Yes, the ACLU is one of the groups that filed law suits claiming that the ban on partial birth abortion of November 2003 takes away a "fundamental constitutional right." Abortion providers themselves have gone on record to say that during this procedure, there is "usually a heartbeat," and that the baby is "still living," and that there "will be pain caused," perhaps "severe and excruciating." Get a clu, ACLU -- a constitutional right? And you can't blame this rhetoric on the pro-lifers either, this is coming straight from the chief proponents themselves.

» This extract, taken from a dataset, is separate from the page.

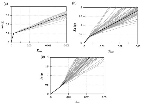 For estimating the seismic vulnerability of the analyzed structures, several incremental dynamic analyses (IDAs) [] were carried out. For this purpose, the same 550 seismic records, as described previously, were used. Figure 13 shows the estimated IDA curves in terms of the maximum inter-story drift (γmax) for each structure; the gray lines represent the IDA curves for each seismic record, and the black line represents the average curve.

Drivers in Tennessee almost had the option to choose specialty license plates that read, "Choose Life," when the ACLU sued, claiming that the slogan "discriminates against residents with an opposing viewpoint." An "opposing viewpoint" to "Choose Life?" Wonder what that could mean. Discrimination against residents with such? Get a clu, ACLU, if you want to lobby for a license plate that reads, "Choose Death," go right ahead.
I believe that God has planted in every heart the desire to live in freedom.